Task statement => The listing below must be returned in full and unchanged, without the images it carries.
[Material for the task]
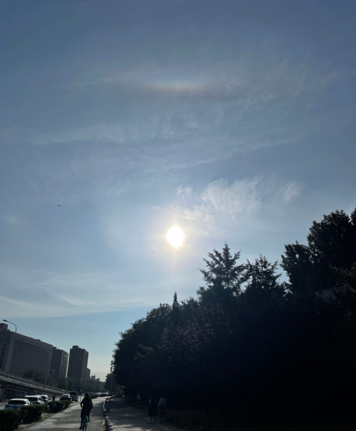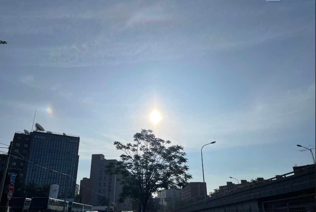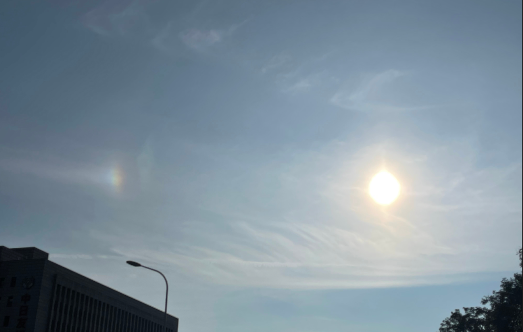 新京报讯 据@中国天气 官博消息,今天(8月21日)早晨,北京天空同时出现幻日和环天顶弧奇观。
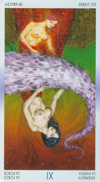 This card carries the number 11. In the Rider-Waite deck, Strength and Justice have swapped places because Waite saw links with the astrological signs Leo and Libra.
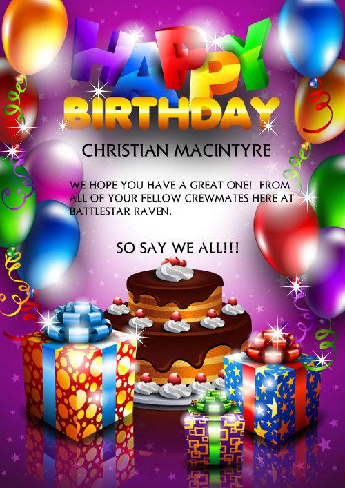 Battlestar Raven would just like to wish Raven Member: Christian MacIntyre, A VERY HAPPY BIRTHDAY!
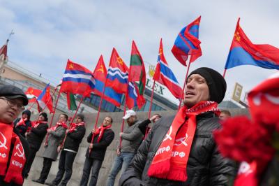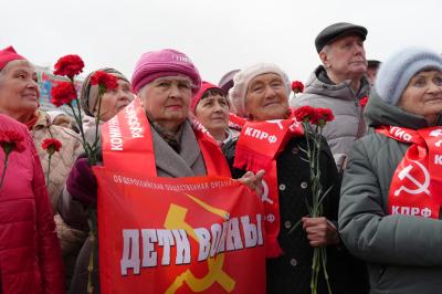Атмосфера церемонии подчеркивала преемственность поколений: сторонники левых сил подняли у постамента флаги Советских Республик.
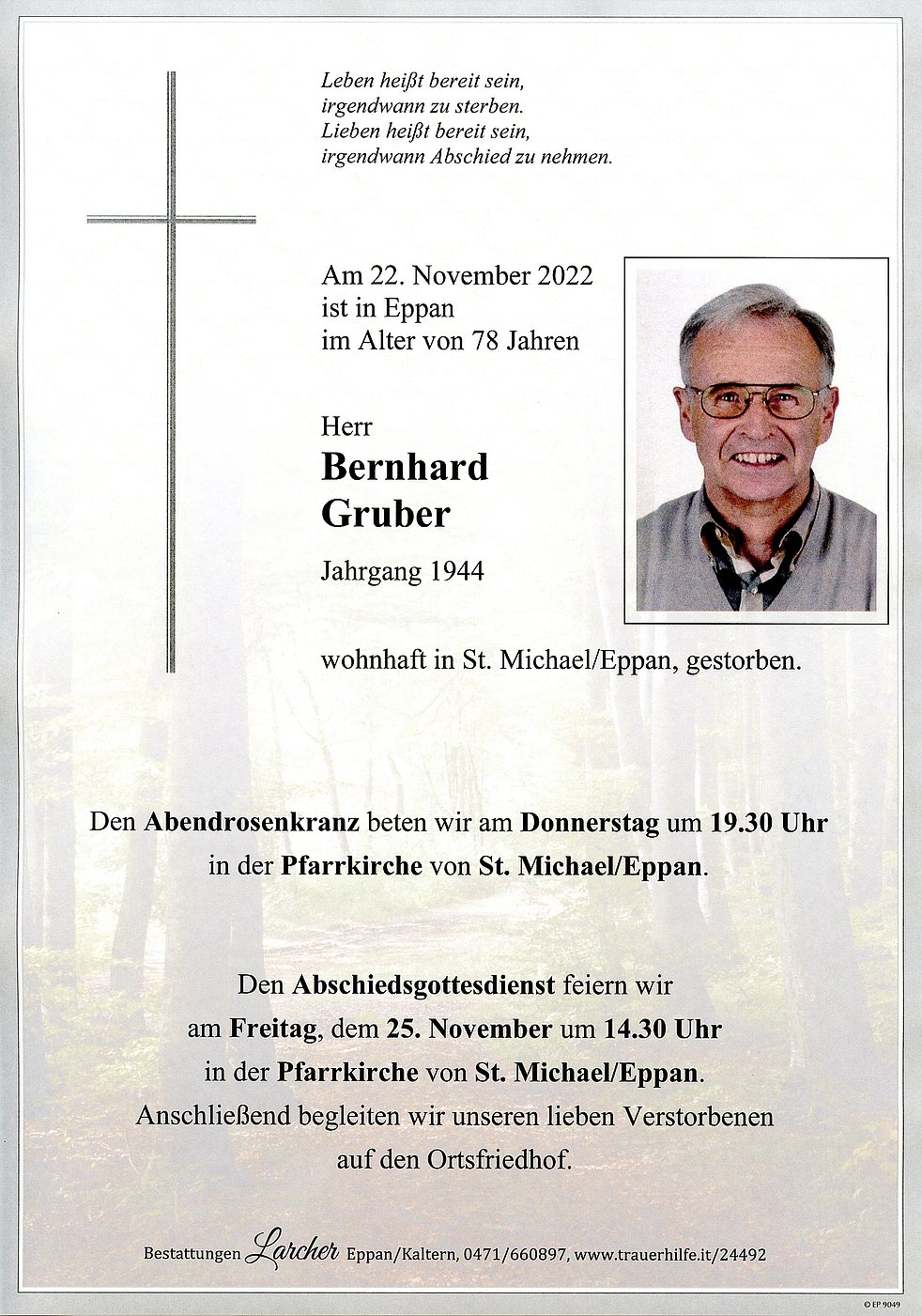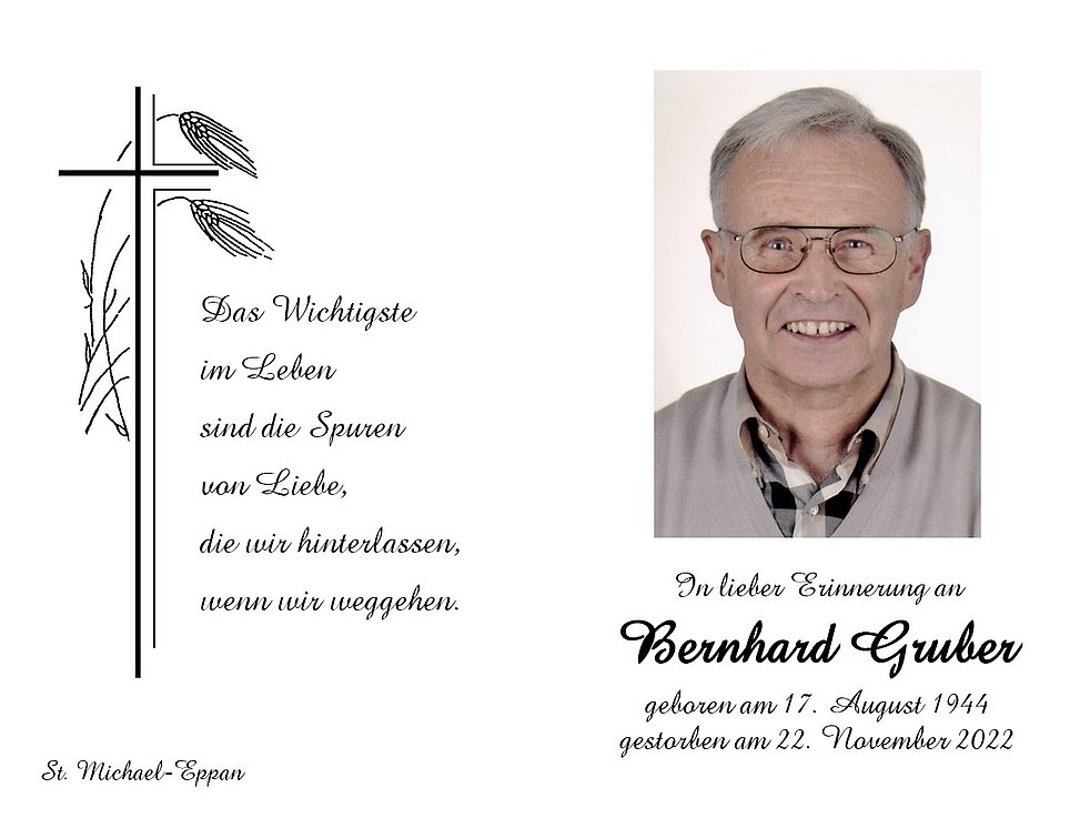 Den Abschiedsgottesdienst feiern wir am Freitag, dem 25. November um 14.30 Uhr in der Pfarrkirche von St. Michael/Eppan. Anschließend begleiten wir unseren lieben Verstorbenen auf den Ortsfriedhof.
[/Material for the task]
Problem solution =>
 新京报讯 据@中国天气 官博消息,今天(8月21日)早晨,北京天空同时出现幻日和环天顶弧奇观。
 This card carries the number 11. In the Rider-Waite deck, Strength and Justice have swapped places because Waite saw links with the astrological signs Leo and Libra.
 Battlestar Raven would just like to wish Raven Member: Christian MacIntyre, A VERY HAPPY BIRTHDAY!
Атмосфера церемонии подчеркивала преемственность поколений: сторонники левых сил подняли у постамента флаги Советских Республик.
 Den Abschiedsgottesdienst feiern wir am Freitag, dem 25. November um 14.30 Uhr in der Pfarrkirche von St. Michael/Eppan. Anschließend begleiten wir unseren lieben Verstorbenen auf den Ortsfriedhof.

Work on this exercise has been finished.